Balkonum da ayı yavrusu beslememdir. Cok kucuk bir yerde okuyorum cevresi daglarla kaplı ve orman. Bir hafta önce arkadasımla eve giderken marketin önün de siyah köpem yavrusu bulduk. Arkadasim sen bunu al ben yarin senden alirim dedi. Hayvani aldim. Nasil pis kokuyor nasil yabani bir koku size anlatamam. Hayvan balkonda balkona cikamiyorum bile. Yemek verdim. Hic havlamiyor bir hayvandan hic mi ses cikmaz. Kaldi ki kucuk kopekler inanilmaz derece de havlarlar. Hayvandan sadece gegiriyormus gibi bir ses cikiyor. Dedim ki bu hayvan hasta ölür. Ertesi gun arkadasima goturduk yikadik. Hayvan hala havlamiyor. Ustunde ki koku yok arkadas gitmek bilmiyor. Hayvan gece sandalyeye sıkışmış ev sahibi kurtarmış. Ertesi gün arkadasin arkadaslari gelmis. Okudugum yerin yerlileri. Olum bu ayi yavrusu demisler. Sonra arkadas bunu salmıs hayvan iki ayak üstünde hoplamis ziplamis. internetten baktik harbi ayi yavrusuymus. simdi heryerde hayvani ariyoruz.
daha pekekeliler ortada yokken cam şişe fırlatmıştım 2. kattan sokağa ulan sonra ne şizofrenliğimiz kaldı ne hiperaktifliğimiz. S.ktiler çocukluğumuzu.
ilkokul 4 ya da 5. sınıf tam hatırlamıyorum. sınıfça gidilen piknikte 4-5 mal arkadaş (ben de dahilim) olarak piknik alanı olan ormandan saatlerce uzakta bir organ mafyasının barakasını keşfetmemizdi. yerlerdeki kanları falan anlayınca göte motor takmışçasına topuklamıştık tabi. göt korkusundan da kimseye bir şey anlatmayıp kaybolduk demiştik. ne kadar malmışız lan çocukken.

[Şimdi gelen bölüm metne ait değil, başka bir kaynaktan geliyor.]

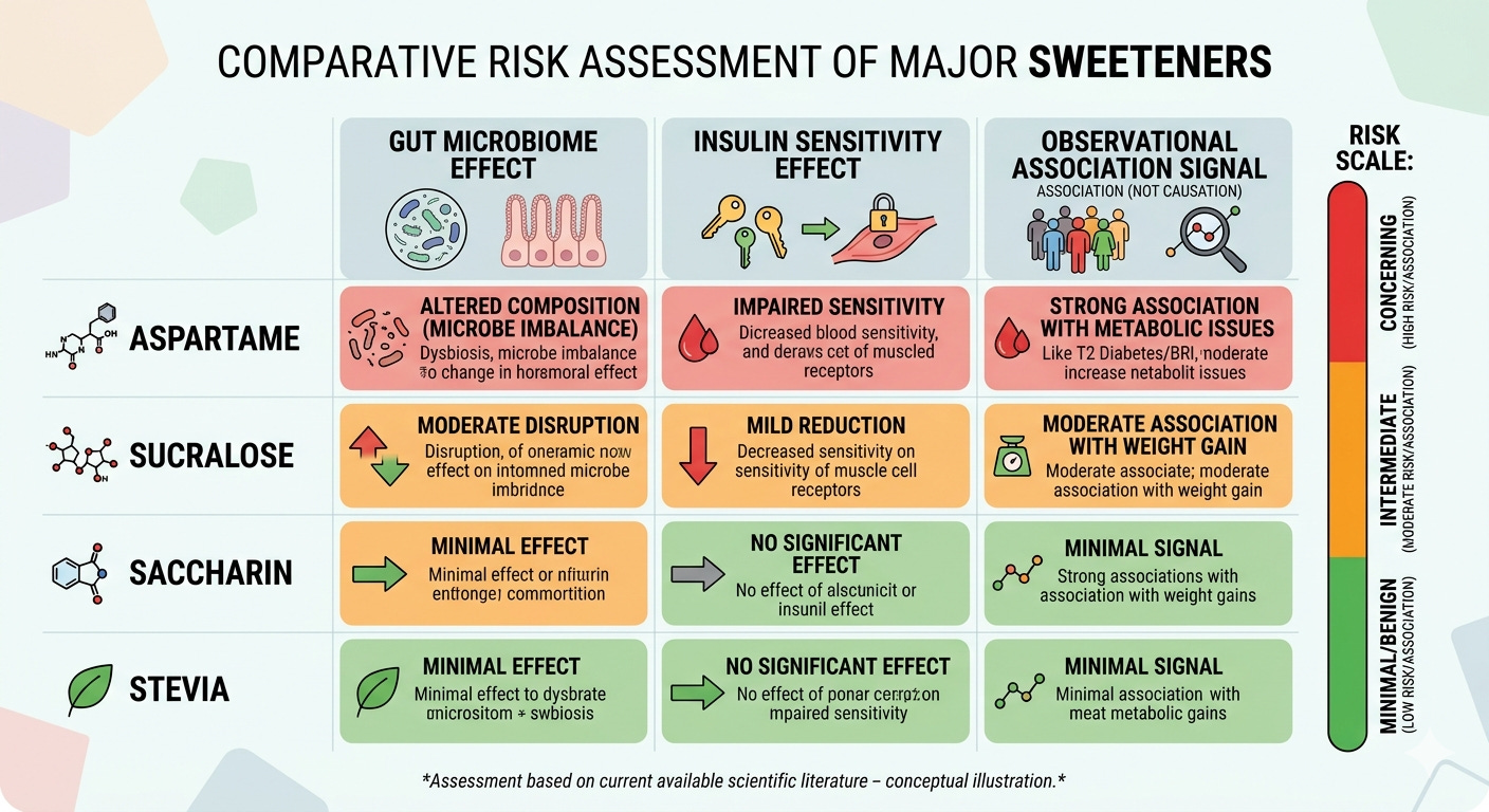 The landmark study in this area is Suez et al., published in Cell in 2022. In a multi-arm randomized controlled trial of 120 healthy adults, participants were assigned to saccharin, sucralose, aspartame, or stevia at doses below the acceptable daily intake for two weeks. Every sweetener distinctly altered gut and oral microbiome composition and plasma metabolome. But the effects were not equal: saccharin and sucralose significantly impaired glycemic responses, while aspartame and stevia showed less pronounced effects. Critically, gnotobiotic mouse experiments confirmed that the glycemic effects were microbiome-mediated — the gut bacteria themselves were the mechanism, not a direct chemical effect of the sweetener.

istiklalde kitap çaldım. Hala pişmanım. Travestilerin karşısına geçip ağlayıp ağlayıp dert anlatıp şeker istemişim. ( hatırlamıyorum çok sarhoştum.) elbiselerimle bahar başlangıcı havuza atlamışlığım var. Evin bahçesinden yan taraftaki restorana oyuncak fırlatmışlığım mevcut. Vs vs...

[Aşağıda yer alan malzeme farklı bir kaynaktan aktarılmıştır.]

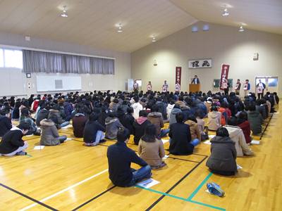 本日4限目、武道場で、あさってから2日間行われる大学入試センター試験を受験する3年生を集めて直前指導が行われました。

yaş 14, öğrenci yurdunda kalırken arkadaşlarla yurttan kaçmıştık. yurdun da dış cephesi boya badana yapılıyordu. saat 2 gibi yurda geri döndük camlar kapılar her yer kapalı girecek yer yok. iskeleden 4. kata tırmandık ve camdan içeri girdik.
Bir gece kaybolmuş kedimin sokaktan gelen sesini duydum. Üç gün boyunca aradığım ve bulamadığım kedim tıslıyordu, tasmasındaki çıngırak çın çın kulağımı okşuyordu. Pencereden yarı vücudumu çıkarıp
- kulakkk diye seslendim.
Acı dolu bir buradayım anne kurtar beni miyavlaması geldi.
Ses arka bahçeden geliyordu ki sırf oraya bakıyor diye odamı değiştirmiş insanım, feci tırsıyorum oradan, saat 12'yi geçmiş, etraf çok pis karanlık.
Aldım telefonumu çıktım sözlük. O arka bahçeye bildiğim iki duayı okuyarak girdim, telefonumun ışığı bi bok aydınlatmıyordu, etrafım canavar doluydu, emindim bundan. Hırsızlar hep bana bakıyordu. Sapıklar her yerdeydi. Oramı buramı biri tutacaktı. Cinler çarpacaktı beni. Her şey başıma gelecekti.. Tüm bu düşüncelere rağmen Kedime kulak diye yine seslendim. çıngırak sesi bana doğru geldi, tam kedimi gördüm, kucaklayacaktım, kaçtı şerefsiz.
Oradan nasıl çıktım eve nasıl geldim hiç bilemiyorum. Yaptığım en büyük çılgınlık buydu. Gece korkudan çişe gidemeyen insanım ben. Bu yüzden bu hep aşırı geldi bana. Evet.